Task directions: Copy out all of the lines below exactly; the pictures do not belong in the copy.

Input data:
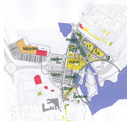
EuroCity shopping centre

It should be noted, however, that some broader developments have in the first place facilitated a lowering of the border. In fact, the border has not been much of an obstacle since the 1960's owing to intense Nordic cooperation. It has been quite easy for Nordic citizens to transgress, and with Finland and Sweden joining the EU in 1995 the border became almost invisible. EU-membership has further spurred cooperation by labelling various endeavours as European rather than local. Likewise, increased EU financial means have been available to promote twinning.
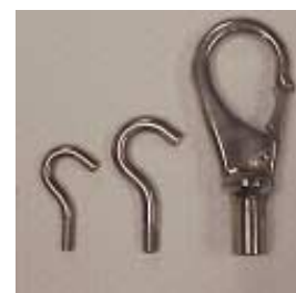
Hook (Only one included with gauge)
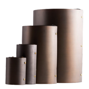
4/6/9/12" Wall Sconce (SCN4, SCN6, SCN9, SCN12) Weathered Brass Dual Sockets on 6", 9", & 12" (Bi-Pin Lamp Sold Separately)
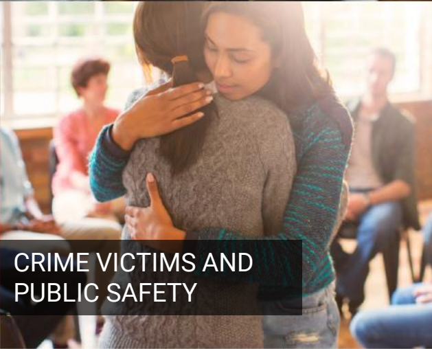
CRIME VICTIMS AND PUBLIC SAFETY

Result:
EuroCity shopping centre

It should be noted, however, that some broader developments have in the first place facilitated a lowering of the border. In fact, the border has not been much of an obstacle since the 1960's owing to intense Nordic cooperation. It has been quite easy for Nordic citizens to transgress, and with Finland and Sweden joining the EU in 1995 the border became almost invisible. EU-membership has further spurred cooperation by labelling various endeavours as European rather than local. Likewise, increased EU financial means have been available to promote twinning.
Hook (Only one included with gauge)
4/6/9/12" Wall Sconce (SCN4, SCN6, SCN9, SCN12) Weathered Brass Dual Sockets on 6", 9", & 12" (Bi-Pin Lamp Sold Separately)
CRIME VICTIMS AND PUBLIC SAFETY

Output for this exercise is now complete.